## [Exercise instructions]
Each line from the top of the listing down to and including the line with "在庆祝中国共产党成立一百周年" must be duplicated exactly; pictures are to be skipped.

## [Available data]

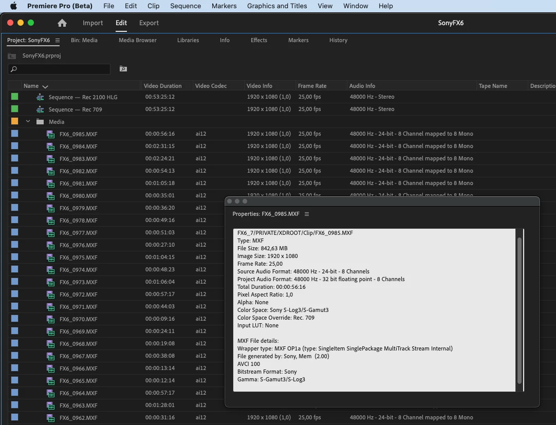 Footage is using color space overide to Slog3/SGamut 3
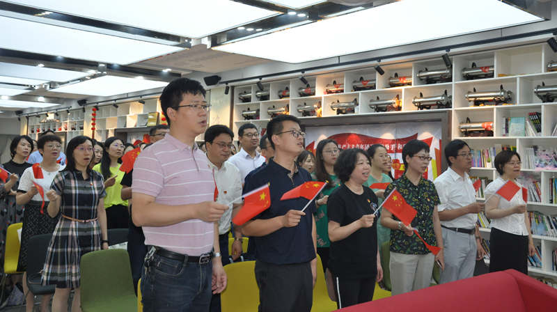 在庆祝中国共产党成立一百周年大会结束之后,南京市第九中学全体共产党员在博雅厅开展学校党员庆祝中国共产党成立一百周年大会。全体共产党员手握红旗,胸佩党徽,唱着红歌,庄严肃穆,牢记初心使命,坚定理想信念,为实现中华民族伟大复兴而奋斗。
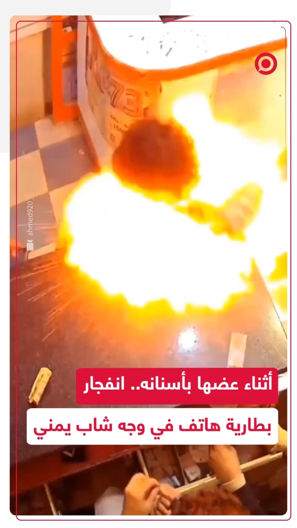 تصرُّف غير آمن أدى إلى إصابته.. وثّقت كاميرا مراقبة داخل متجر لبيع إكسسوارات الهواتف المحمولة لحظة انفجار بطارية ليثيوم في وجه شاب يمني، أثناء قيامه بعضّها بأسنانه. #حادث #انفجار #بطارية #ريل #فيديو #viral #اكسبلور
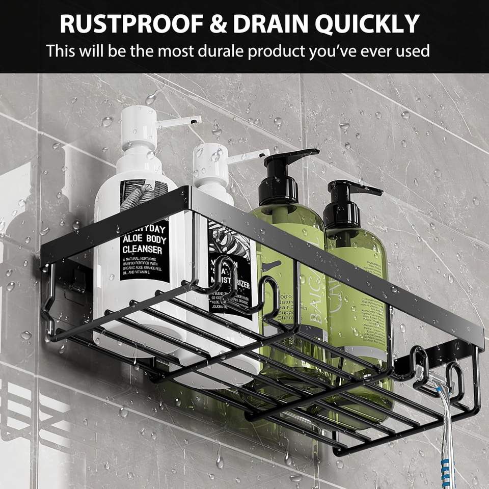 Grande Mensola Portaoggetti Adesiva Nera per Doccia, Organizzatore da Parete Stile Rustico, Cesto Portaoggetti per Bagno

## [Written solution]
 Footage is using color space overide to Slog3/SGamut 3
 在庆祝中国共产党成立一百周年大会结束之后,南京市第九中学全体共产党员在博雅厅开展学校党员庆祝中国共产党成立一百周年大会。全体共产党员手握红旗,胸佩党徽,唱着红歌,庄严肃穆,牢记初心使命,坚定理想信念,为实现中华民族伟大复兴而奋斗。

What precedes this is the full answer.